Al alcanzar como humilde esclava la misericordia de Dios, que colma con sus bienes a
los hambrientos y ensalza a los humildes, la Virgen nos alienta para que seamos
artífices de la paz, para que prolonguemos el perdón de Dios a nuestros prójimos e
incluso a nuestros enemigos, porque también nosotros mismos hemos sido
perdonados. La Virgen nos invita a que seamos manantiales y testigos del amor con
que Dios ama al mundo, porque somos nosotros, todos, sus hijos queridos.
El Magníficat no fue cantado en una plaza pública por personas bien instaladas.
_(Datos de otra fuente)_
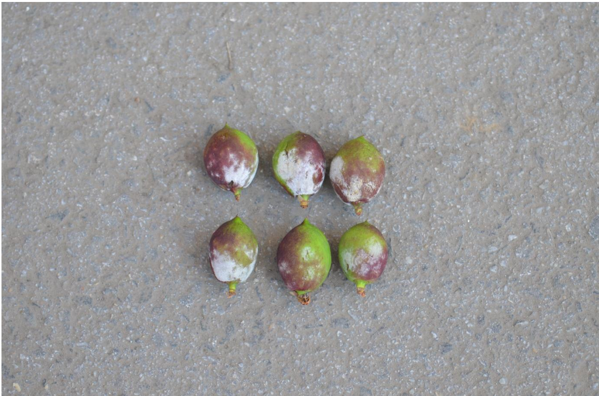
SLIKA 2. SIMPTOMI PEPELNICE NA PLODOVIMA NEKTARINE

GLJIVA KOJA PROUZROKUJE PEPELNICU NAPADA SVE ZELJASTE DELOVE BRESKVE I NEKTARINE: LIŠĆE, MLADARE, CVETOVE I PLODOVE. NA ZARAŽENIM DELOVIMA JAVLJA SE PEPELJASTO BELA MICELIJSKA PREVLAKA KOJU ČINE REPRODUKTIVNI ORGANI GLJIVE. PEPELNICA SE NAJČEŠĆE JAVLJA NA MLADOM LIŠĆU KOJE SE U POČETKU UVIJA, A PRI JAČOJ ZARAZI SE SUŠI I OPADA. PLODOVI SU NAJOSETLJIVIJI U POČETNIM FAZAMA RAZVOJA, OD ZAMETANJA DO FAZE VELIČINE ORAHA. ZARAZA KOD TAKVIH MLADIH PLODOVA DOVODI DO SUŠENJA I NJIHOVOG OPADANJA. KASNIJE ZARAZE SE ISPOLJAVAJU U VIDU BELIČASTIH ILI SIVKASTIH PEGA NA PLODOVIMA.

Fue
cantado en un encuentro entre mujeres al ritmo de la vida de cada día; de aquellas
mujeres de la Palestina, de un pueblito perdido en la inmensidad del Imperio Romano.
Pero eran personas que todo lo esperaban de la misericordia de Dios y que, al abrir los
ojos de su fe, veían alrededor tantas señales de que la Misericordia de Dios estaba
actuando y que su amor se extendía de generación en generación.
Esa gente creía, que cuantos volvemos hoy a recitar el Magníficat, que el pobre y
sencillo amor que nosotros ponemos en las palabras y en los gestos de nuestras vidas,
unido a la entrega de cuantos temen a Dios, es la fuerza verdadera que impide al
mundo deslizarse hacia el abismo.
Y solo a través de nuestras misericordias, las de los unos hacia los otros, podemos
conseguir que Dios penetre en los corazones cerrados de los poderosos y de los
soberbios. Solo cantando, solo convirtiéndonos nosotros mismos por la intercesión de
la Virgen en un nuevo Magníficat, podremos llegar a ser lo que Dios quiere que
seamos: humildes servidores, sobre los cuales se inclina la Misericordia de Dios para
ofrece así su vida por amor al mundo.
Seamos pues, por intercesión de la Madre de la Misericordia, artífices de la paz,
instrumentos de reconciliación, constructores de la unidad y testigos de la
Misericordia, a fin de que Dios quiera servirse de sus servidores y acordarse de su
eterna Misericordia, es decir, de la gran promesa de amor “hecha a nuestros padres
en favor de Abraham y de nosotros, su pueblo, para siempre”.